= Matthew Habershon =

English architect

Matthew Habershon (1789–1852) was an English architect.

==Biography==
Habershon, born in 1789, came from a Yorkshire family. In 1806 he was articled to the architect William Atkinson, with whom he remained for some years as assistant. He was an occasional exhibitor at the Royal Academy between 1807 and 1827. He designed churches at Belper (1824), Minster, Bishop Ryders (all in Derbyshire), and at Kimberworth, Yorkshire. At Derby he erected the town hall, which later burnt down, the county courts, and the market. Among the many private houses designed by him were Hadsor House, near Droitwich, Worcestershire, for J. Howard Galton (1827).

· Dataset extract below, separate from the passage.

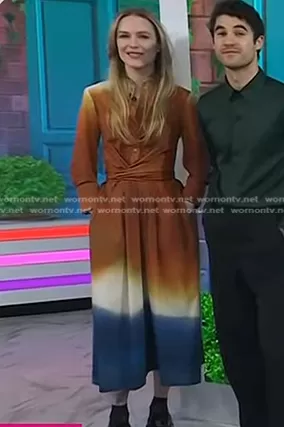 on Today on NBC was spotted wearing this orange and blue tie dye shirtdress on Today on Feb 20 2024's episode. 's Dress is the Abstract Ombré Stretch Cotton Poplin Shirtdress by Oscar de la Renta.

In 1842 he visited Jerusalem on behalf of the London Society for Promoting Christianity among the Jews, following the dismissal of the architect James Wood Johns, whose design for an Anglican church in the city was rejected by the Ottoman authorities. Habershon's plan for the site took the more diplomatically acceptable form of a chapel attached to a consulate. His building, completed in 1849, became known as Christ Church, Jerusalem.

On his way home from Jerusalem in 1843, Habershon met with King Frederick William IV of Prussia, who was involved in the establishment of the Anglican-German Bishopric in Jerusalem. The following year the king conferred on him the great gold medal for science and literature in appreciation of Habershon's work on The Ancient half-timbered Houses of England (1836).

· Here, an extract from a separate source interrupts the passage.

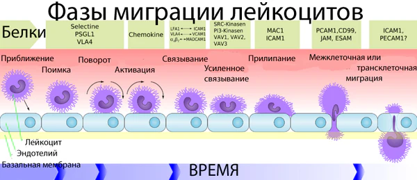 Ишемический инсульт приводит к высвобождению оксидантов, протеолитических ферментов и цитокинов в ткани мозга, что в итоге вызывает развитие цитотоксического отёка и изменение проницаемости ГЭБ[181]. В результате запускается процесс миграции лейкоцитов через эндотелий в ткань мозга, которые вызывают в том числе поражение здоровых клеток нервной ткани[182][183].

In 1843, Habershon was aligned with Open Brethren in Hackney, London. There he met the naturalist and fellow Brethren P. H. Gosse, who was profoundly influenced by his historicist premillenialist work, Dissertation on the Prophetic Scriptures (second edition, 1840).

Habershon died in London in 1852, and was buried in Abney Park Cemetery. Two of his sons, William Gillbee and Edward, were architects.

==Writings==
- A Dissertation on the Prophetic Scriptures, chiefly those of a chronological character, showing their aspect on the present times, and on the destinies of the Jewish Nation (1834).
- A Guide to the Study of Chronological Prophecy, selected and abridged from … a Dissertation on the Prophetic Scriptures
- The Ancient half-timbered Houses of England (1836).
- Premillennial Hymns (1836).
- An Epitome of Prophetic Truth, containing a brief Outline of … Prominent Subjects of Prophecy (1841).
- An Historical Exposition of the Prophecies of the Revelation of St. John, showing their connection with those of Daniel, and of the Old Testament in general, particularly in their aspect on the present times.
- Two remarkable Signs of the Times, viewed in connexion with Prophecy. First, Reasons for believing the Death of the Duke of Orleans to be the first Thunder; second, An Account of the West London Synagogue of British Jews.… Forming an Appendix to the third edition of "A Dissertation on the Prophetic Scriptures (1842).
- The Shadows of the Evening; or the Signs of the Lord's speedy Return (1845).

He also wrote a memoir of Charles Daubuz, prefixed to the latter's Symbolical Dictionary (1842).